This article is written by a student writer from the Her Campus at Pitt chapter.

On October 1, 2012, roughly 100 University of Pittsburgh’s Panhellenic Sorority women gathered in the O’Hara Student Center Ballroom. The objective? Support Panhel’s philanthropy, Circle of Sisterhood, by watching an abbreviated version of the PBS documentary, Half the Sky: Turning Women’s Oppression into Opportunity. 

“As I watched Half the Sky I felt sad and angry. My eyes become full of tears at many parts, and at the same time I felt compelled to do something more,” said Panhel President Kirsten Meenan.

The documentary represents the movement labeled “the moral challenge of thiscentury” by New York Times journalists, Sheryl Wu Dunn and Nicholas Kristof. This husband and wife team felt compelled, after years of reporting, to tell the stories they uncovered, first through a book and eventually the film.

Half of our world’s population is left to the wayside, through acts of violence, rape, exclusion from education and consideration as citizens’ with political rights. Countries all around the world suffer because women are not granted political and social equality.

“This is the unfinished business of the 21st century,” says Secretary of State Hilary Clinton in the film.
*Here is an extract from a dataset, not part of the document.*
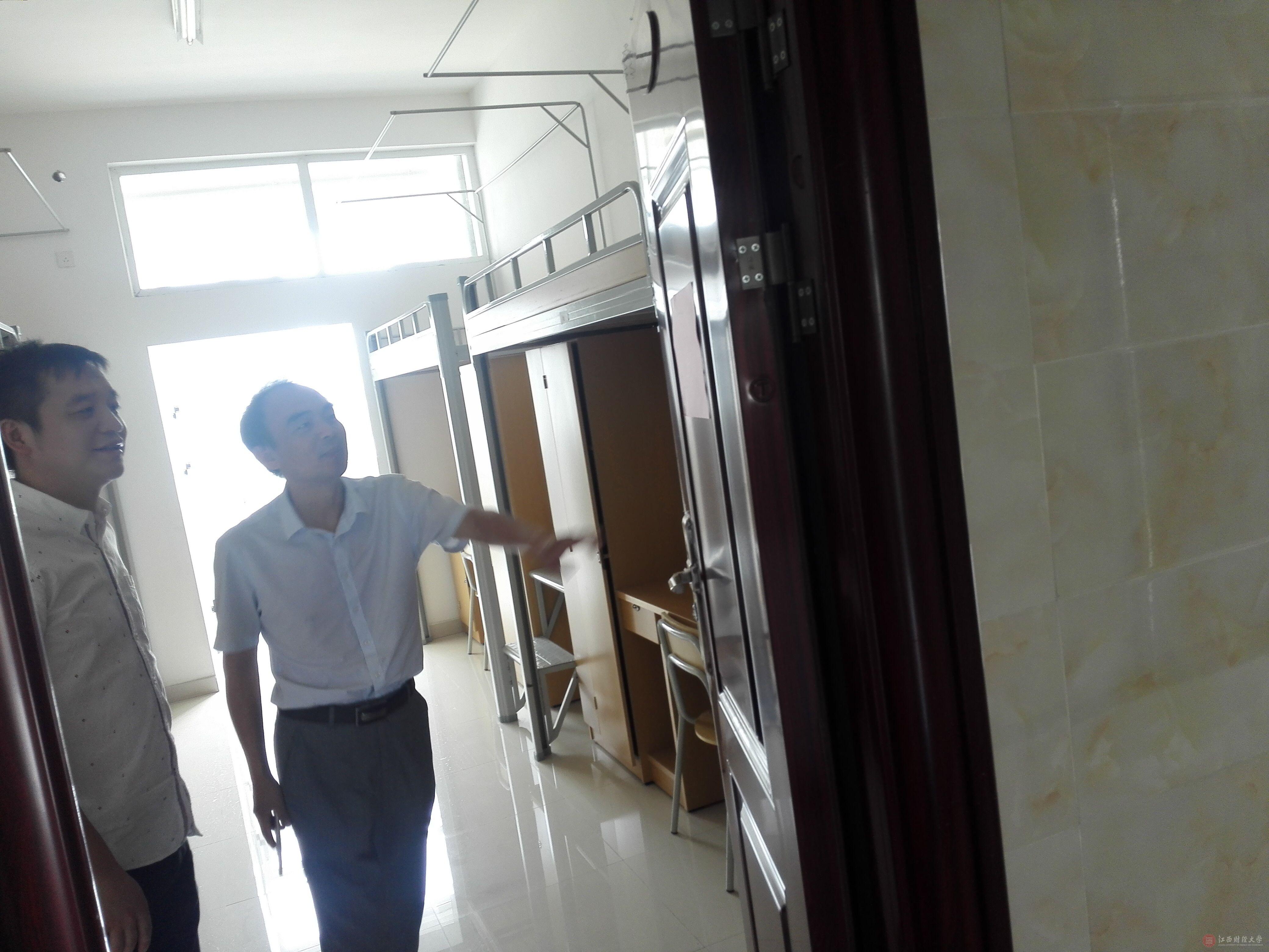 大学生宿舍是大学生生活与学习的重要场所,大学生在校期间,约有一半以上的时间是在学校度过的。好的宿舍环境对于大学生在校期间的氛围营造是十分重要的。在新生到来之前对新生宿舍进行走访,体现了学院领导对于新生生活方面的关心与照顾。对于宿舍的布局、卫生等物质文化的要求以及宿舍管理、安全隐患等问题,学院领导都与管理人员进行了深入的交流。叶书记在走访最后说道:“希望新生们能够珍惜这么好的环境,把这么好的宿舍环境当做是对自己极大的激励,激励自己向上,向好的方面发展。”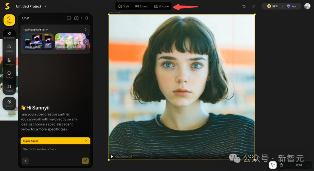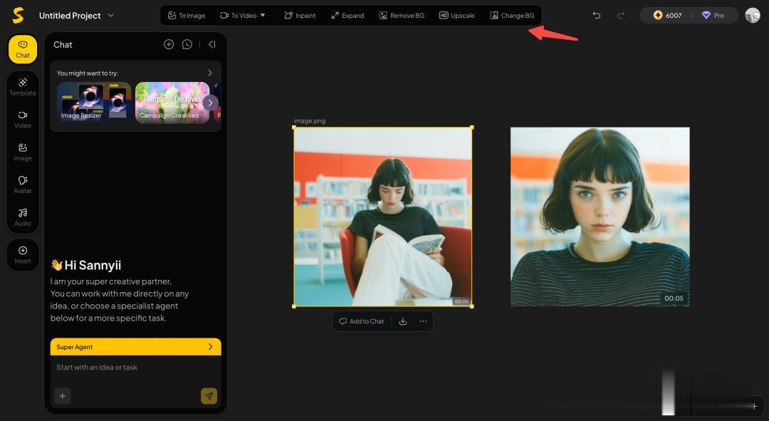 可以一步直达所需功能,比如图片可以扩充、移除背景等,下面就是一键将1:1的照片扩充为16:9的照片。

Half the Sky documents the story of incredible women from 10 different countries: Cambodia, Vietnam, Somaliland, Sierra Leone, India, Liberia, Kenya, Pakistan, Afghanistan and the United States of America. Each story depicts the reality of gender inequality through women’s personal accounts of rapes left unpunished, girls sold into sex slavery, heinous acts of violence such as female genital mutilation, young girls forced to marry and left with no choice to bear children before their bodies are ready – all this, simply because they are, well, female.

Talent is universal but opportunity is not. For this reason, journalist Nick Kristof capitalizes on the status of A-list celebrities, Meg Ryan, Diane Lane, America Ferrera, Olivia Wilde, Eva Mendes, Gabrielle Union, among others to capture the public’s attention and spread the message.

But the stories don’t always end in sadness or complete defeat. Many women find ways to turn their oppression into opportunity. Not simply for themselves but to ensure history does not repeat itself for with younger generations.

Wu and Kristof highlight that women are the key to economic prosperity and the elimination of poverty. It is a fact that women return $80 of her paycheck to her family, while men return $50.

“The hand that rocks the cradle rules the world,” says Desmund Tutu, “if we are going to see real development in the world – than are best investment is women.”

“This is not rocket science, this not a problem that is unsolvable, that we have to invent something new. It just takes political will,” says Sheryl Wu.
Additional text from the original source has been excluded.